G.C. Jain, J.
(1) This is a second appeal from the order of the Tribunal dated July 18,1981 dismissing the appeal of the appellants against the order of the Addl. Controller dated December 1, 1978 directing their eviction from the shop in dispute.
(2) On January 12,1976 Siri Chand Gupta, respondent/landlord brought a petition for recovery of possession of the shop No. Wz 258/4. Subhash Bazar, Nangal Raya, New Jail Road. New Delhi on the averments that the said shop had been let out by him to Gulzar Singh (appellant No. 1) on a monthly rent of Rs. 80.00 in May, 1968 and he had sub let, assigned or otherwise parted with the possession of the shop to Avtar Singh (appellant No. 2) without his consent in writing It was also averred that the tenant had not paid the arrears of rent due from December 1, 1972 in spite of notice of demand.
(3) The petition was resisted by the appellants. Main pleas raised were that the shop had been let out to both of them. They were real brothers and living and carrying on business jointly and there was no question of any sub-letting, assigning or parting with possession. They had been tendering the rent from time to time. A sum of Rs. 1760/ was even sent by money order but the landlord refused to accept it.

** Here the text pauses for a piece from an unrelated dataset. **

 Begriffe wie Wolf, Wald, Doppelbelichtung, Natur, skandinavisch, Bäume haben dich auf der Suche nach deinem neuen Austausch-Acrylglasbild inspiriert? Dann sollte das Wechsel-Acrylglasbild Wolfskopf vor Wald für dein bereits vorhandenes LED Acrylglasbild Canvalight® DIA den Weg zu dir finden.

(4) Learned Addl. Controller held that the shop in dispute had been let out only to Gulzar Singh. He had neither paid nor tendered the arrears of rent within two months of the notice of demand, the tender of rent by 236 both of them by money order being an invalid tender. The tenant, however, had complied with the order under Section 15(1) of the Delhi Rent .Control Act, 1958 (for short 'the Act') and was thereforee entitled to the benefit under Section 14(2) of 'the Act,. He further found that the tenant had parted with the possession of the shop in favor of Avtar Singh without the consent of the landlord in writing. Consequently an order turn recovery of possession under Section 14(1)(b) of 'the Act' was made in favor of the landlord. Affirming these findings the appeal filed by the appellants, was dismissed by the Tribunal. Hence this second appeal.

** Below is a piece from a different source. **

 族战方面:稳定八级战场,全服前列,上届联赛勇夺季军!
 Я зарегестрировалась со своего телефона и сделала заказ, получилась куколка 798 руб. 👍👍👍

(5) The question, whether the shop in dispute had been let out by the respondent in favor of Gulzar Singh alone or in favor of both the appellants, was necessarily a question of fact. The concurrent finding of the. Courts below on this question could not be assailed in the second appeal. I find no infirmity justifying interference in second appeal. The finding is based on documentary evidence, namely, the rent receipts which were in favor of Guizar Singh only. Besides, Guizar Singh, on June 20, 1968 i.e. soon after taking the shop on lease, made an application for getting the shop registered under the Delhi Shops and Establishment Act. 1954. In the said application he had shown himself as the occupier or the employer of M/s. Standard Cloth House, shop No. 258/4, Nangal Raya, Jail Road, New Delhi'. Under the column 'Names of members of employer's family working in the shop' he mentioned the name of 'Avtar Singh his real brother'. These entries show that Avtar Singh was working as a family member and not as the owner of the business. This circumstance corroborates the version of the landlord.
(6) The only infirmity pointed out by the learned counsel for the appellant was that in the rent receipts the name of the father of Guizar Singh has been shown as Avtar Singh though admittedly Guizar Singh was the son of Dewan Singh. This misdescription in the name of the father of Gulzar Singh, in my view, would not make Avtar Singh a joint tenant. Had the shop been let out to both Gulzar Singh and Avtar Singh there was no occasion for describing the name of the tenant as 'Gulzar Singh s/o Avtar Singh' in .the rent receipts The view taken by the two courts below on this point is correct and calls for no interference.
(7) It was then contended that the finding of the Tribunal that the rent sent by money order was not a valid tender was erroneous. I find no substance in the contention. The rent was admittedly sent by the appellants Avtar Singh and Gulzar Singh. The tenant was only Gulzar Singh and thereforee the landlord was fully justified in refusing to accept it.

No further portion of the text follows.